SuperLotto Plus Results
On Wednesday night, February 4, 2026, the SuperLotto Plus draw in California marked a notable return: 02 15 17 22 38 reappeared in the draw after a -day drought. In a system where combinations should surface roughly once every 1 in 1,533,939 draws, an absence of this length stands out for anyone tracking long-horizon frequency trends.

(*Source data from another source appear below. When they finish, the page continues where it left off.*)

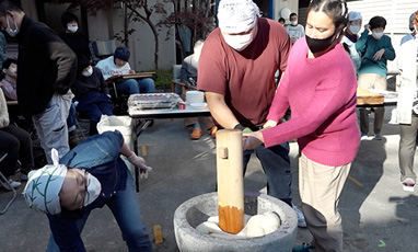 もちつきは、1人の力だけではできません。そこから生まれるなかまとのつながり。そして、いっしょにすることで生まれるまんぞく感。みんなの力を合わせてついたおもち、とくべつな味です。
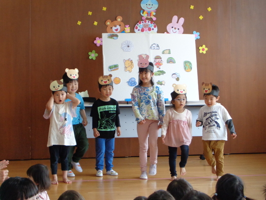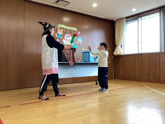 先生の出し物は「はじめてのおつかい」を楽しみました。ケーキの材料を買いに、子どもたちがお買い物に挑戦!材料を持っている先生を探して「これください!」と買い物する姿はとてもかわいかったです。無事に材料が揃いバースデーケーキが完成しました。賑やかな楽しいお誕生会になりました。
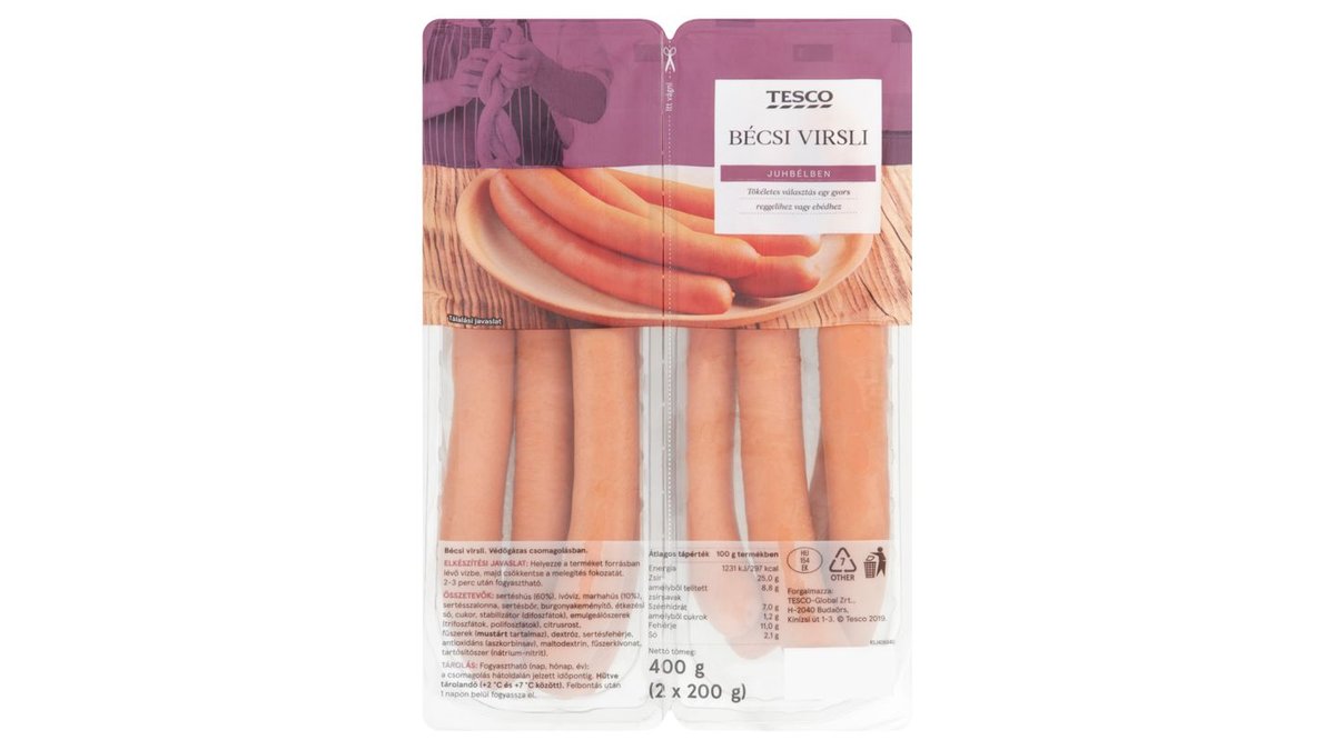 Tesco sajtos virsli csirkehúsból 4 db 140 g
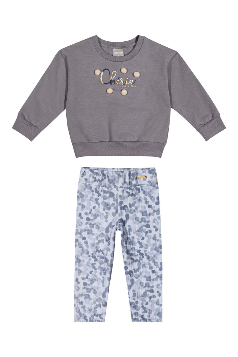 Conjunto Bebê Menina Blusão Pompom Colorittá Cinza REF: 71156-7031
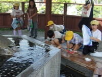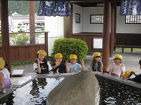 観光客の方や地域の方に話しかけて頂き、子どもたちは元気に挨拶をしたりお話をしたりと、町の温かさを感じながらの貴重な時間でした。足湯を使った後は、座る場所が濡れてしまいましたが、「これじゃ他の人が座れないよね。」とタオルで拭き始めた子どもたち。素晴らしい気付きでした。
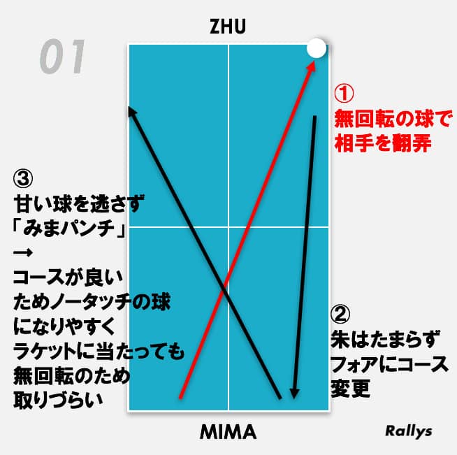 決勝を振り返ってみると、朱雨玲はバックハンド対バックハンドで戦うも、伊藤の表ソフトラバー(表面にツブツブがあるラバー。無回転のボールが出やすい。)から繰り出される独特の無回転のボールに苦しみ、思い切った攻撃ができない。そこでフォアにコース変更をした瞬間、伊藤の「みまパンチ」を食らってしまう展開が多かった。

Winning numbers for 1 draw on February 4, 2026 in California.
Draw times: Evening.
Our take on the SuperLotto Plus results
February 4, 2026SuperLotto Plus report — Wednesday night, February 4, 2026: 02 15 17 22 38 shows a notable pattern
On Wednesday night, February 4, 2026, the SuperLotto Plus draw in California marked a notable return: 02 15 17 22 38 reappeared in the draw after a -day drought. In a system where combinations should surface roughly once every 1 in 1,533,939 draws, an absence of this length stands out for anyone tracking long-horizon frequency trends.
Overview
On Wednesday night, February 4, 2026, the SuperLotto Plus draw in California marked a notable return: 02 15 17 22 38 reappeared in the draw after a -day drought. In a system where combinations should surface roughly once every 1 in 1,533,939 draws, an absence of this length stands out for anyone tracking long-horizon frequency trends.
Combo Profile
As a number pattern, 02 15 17 22 38 uses 5 distinct numbers and a wide spread from 2 to 38.
Why Droughts Matter
Long droughts are best read as context, not a cue - they show how distribution tails behave. They clarify how far outcomes drift from baseline cadence.
Data Notes
As documented: this report documents the results logged for Wednesday night, February 4, 2026 with reference to historical frequency baselines. The focus is documentation over prediction.
From Stepzero
In summary: this series is meant to maintain continuity across the record as context for disciplined analysis. The priority is accuracy and continuity.
Additional Context
Long-horizon tracking is the only reliable way to separate short-term noise from persistent drift. By logging each outcome against its expected cadence, the system builds a distribution profile that becomes more stable as the sample grows. Long-horizon tracking is the only reliable way to separate short-term noise from persistent drift. By logging each outcome against its expected cadence, the system builds a distribution profile that becomes more stable as the sample grows.
Adding to the Long-Term Record
The return of 02 15 17 22 38 expands the archive by one more data point. It is the accumulation of these entries, not a single draw, that defines the reliability of long-horizon analysis.